Within both Ontario and SA the setting of standards was presented as a solution by governments for a perceived crisis in education. It is within this broader context that minimum standards for literacy achievement in the final years of schooling were written into curriculum documents. Critical discourse analysis of the curriculum documents produced for ‘The Ontario Secondary School Literacy Course’ and ‘Literacy for Work and Community Life’ provides insight into how discourses operating within local institutions interacted to produce curriculum for minimum literacy standards for the end point of schooling.
to construct literacy as a complex set of knowledge, understanding and skills
The curriculum statements for ‘The Ontario Secondary School Literacy Course’ and ‘Literacy for Work and Community Life’ begin by presenting a similar discourse about failing school systems and the need for standards. However, in both curriculum statements, an alternative discourse is also present from the beginning. Within the text previews for both documents, the presentation of literacy as a basic competency is contested. Lexical cohesion, particularly in the form of substitution, is used, not only to suggest literacy is a basic competency, but also to construct literacy as a complex set of knowledge, understanding and skills. In both regions, the curriculum writers begin in the text preview to present literacy as a capacity to adapt and alter skills and understandings constantly in a range of contexts. A discourse about how literacy involves complex knowledge, skills and understandings then continues throughout the curriculum statements for both regions. A range of language choices are made to continue to challenge the notion of literacy being a basic competency at the end point of schooling.

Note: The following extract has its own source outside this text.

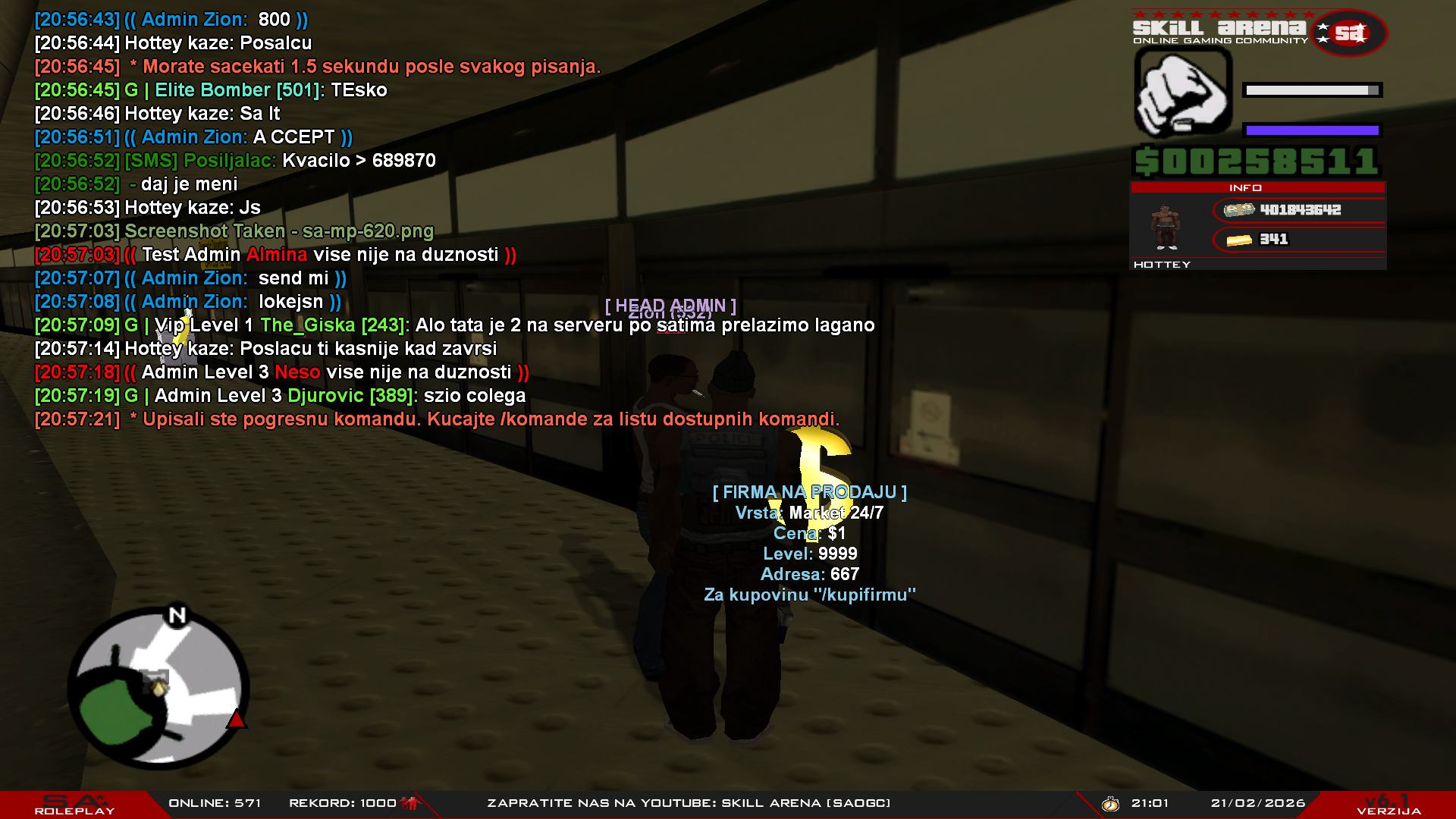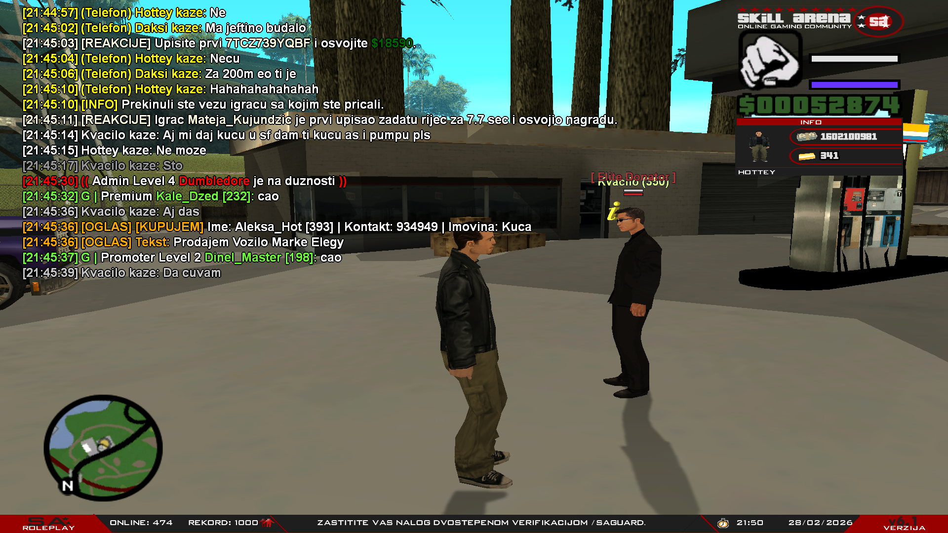 19. Poštovani igrači, S’ ponosom Vam predstavljamo novi event “La Casa De Papel”. Ovo je samo jedan od mnogih evenata koji nam stižu u skorijem periodu. Ovo je prvi DM&RP event koji će biti održavan vikendima. Igrači će biti podeljeni u dva tima od po 20 igrača(+1 admin u svakom timu). Event je kao i po samom nazivu, baziran na seriju “La Casa De Papel”. Tim pljačkaša imaće prednost od 3 minuta da se pripreme za ulazak policijakog tima. Pljackaši će imati pojedinačnu opciju da se predaju, čime ostvaruju 0.01%(ukoliko je nagrada 20.000.000$, dobijate 200.000$)ukupne svote opljačkanog dela(osim u slučaju da ih policija zaustavi u pljački). Naravno pošto je event baziran i na RP deo, pored toga svaki igrač koji se bude predao, dobija jail od 10 minuta. Sama pucnjava timova, trajaće 5 minuta. Nakon toga, pljačkaši imaju mogućnost da pobegnu do odredjenog dela ili da ostanu do kraja. U slučaju da tim pljačkaša izabere drugu opciju i izgubi, dobijaju jail od 5 minuta. U slučaju da izaberete prvu opciju, morate stici do označenog dela. Ukoliko budete zaustavljeni do tog dela dobijate jail od 15 min! Ali to nije sve! Svaki tim će imati svog vodju. Na kraju same pljačke, ukoliko tim pljačkaša uspe da pobegne od protivničkog tima, vodja istog ima opciju da podjednako podeli nagradu sa svim preostalim članovima pljačke ili da pokuša da nasamari članove i pobegne. U slučaju da vodja pobegne od svojih članova, svu nagradu ostavlja sebi, ali ukoliko ga njegovi članovi stignu dobijaju 0.01% više. Naravno ista stvar važi i za vodju policije. Ukoliko uhvate pljačkaše, vodja policijskog tima može uzeti sav novac i pokušati pobeći. Imajte u umu da za vodje oba tima dobijate 30 minuta jaila, ukoliko budete uhvaćeni u korupciji. Uskoro očekujte "Weekly evente"! Više o tome i novim eventima biće objavljeno uskoro, a do tada se zabavite sa novim eventom! Termin održavanja eventa: Test event biće održan u ponedeljak (23.3.26.) u 20H. Nagrada će iznositi 40.000.000$ Od nedelje 28.3.26. event će se održavati stalno. Nagradni fond za ovu nedelju iznosi 2500 SAC-a Skill Arena Event Team

The language choices made within the two texts ensure that the simplified way in which literacy is presented within a discourse about standards-based reforms to schooling is challenged. Foucault (2002) makes the observation that discourses that lack ‘coherence, rigour, and stability’ will be particularly susceptible to change and open to new ‘organisations of concepts’ (p.71). During text production, simplistic discourses may be included, but there is enormous potential for ‘interdiscursivity’ (Fairclough, 2003, p.35) to occur. During the development of the curriculum used to define minimum literacy standards for schooling in SA and Ontario, the institutions traditionally responsible for creating curriculum in each region construct discourses about literacy that contest the notion of literacy being a basic competency. Through this process, the curriculum developers in each of the two regions also construct literacy in two very different ways. The findings of this study suggest that a shared global discourse about standards-based reforms will be used to justify an emphasis on standards for general competencies, such as literacy, at a local level, but locally-generated discources will then significantly affect the way in which key competencies are defined and understood.
Fairclough, N. (2003). Analysing discourse: textual analysis for social research. London & New York: Routledge.
Foucault, M. (2002) . The archaeology of knowledge. London & New York: Routledge Classics.
Hopmann, S. T. (2008). No child, no school, no state left behind: schooling in the age of accountability. Journal of Curriculum Studies, 40 (4), 417-456. Doi: 10.1080/00220270801989818
Levin, B. (2010). The challenge of large-scale literacy improvement. School Effectiveness and School Improvement: an International Journal of Research, Policy and Practice, 21 (4), 359-376. Doi: 10.1080/09243453.2010.486589
Rizvi, F., & Lingard, B. (2010). Globalizing education policy. London & New York: Routledge.
Spillane, J.P. (2004). Standards deviation: how schools misunderstand education policy. Cambridge, MA: Harvard University Press.